Snowden has also requested temporary asylum from Russia, who has already stated they would not hand him over to the U.S., who has charged Snowden with espionage. The asylum request is an attempt to give Snowden, who has been stuck in limbo in the Moscow airport for weeks, a level of freedom to travel to embassies with the ultimate goal of escaping the U.S. authorities to live in a country that is willing to offer him a permanent safe haven.
Snowden has also issued a statement, via Wikileaks, saying "Hello. My name is Ed Snowden. A little over one month ago, I had family, a home in paradise, and I lived in great comfort. I also had the capability without any warrant to search for, seize, and read your communications. Anyone’s communications at any time. That is the power to change people’s fates.
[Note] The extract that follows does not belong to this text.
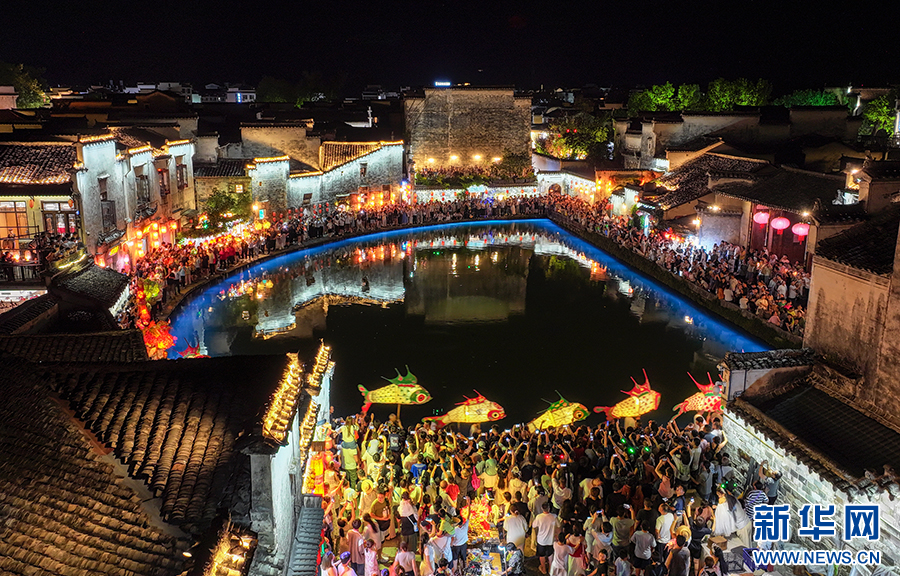 8月13日晚,安徽省黃山市黟縣宏村流光溢彩,花燈夜游表演吸引眾多游客前來參觀、游玩。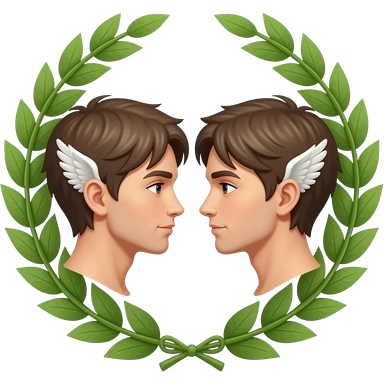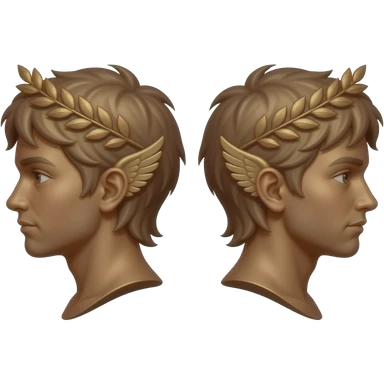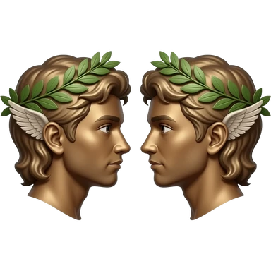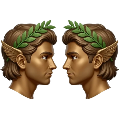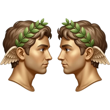 twins, two bronze faces in profile in a parallel composition, they have small wings instead of ears and a laurel wreath around their heads emoji

It is also a serious violation of the law. The 4th and 5th Amendments to the Constitution of my country, Article 12 of the Universal Declaration of Human Rights, and numerous statutes and treaties forbid such systems of massive, pervasive surveillance. While the US Constitution marks these programs as illegal, my government argues that secret court rulings, which the world is not permitted to see, somehow legitimize an illegal affair. These rulings simply corrupt the most basic notion of justice – that it must be seen to be done. The immoral cannot be made moral through the use of secret law.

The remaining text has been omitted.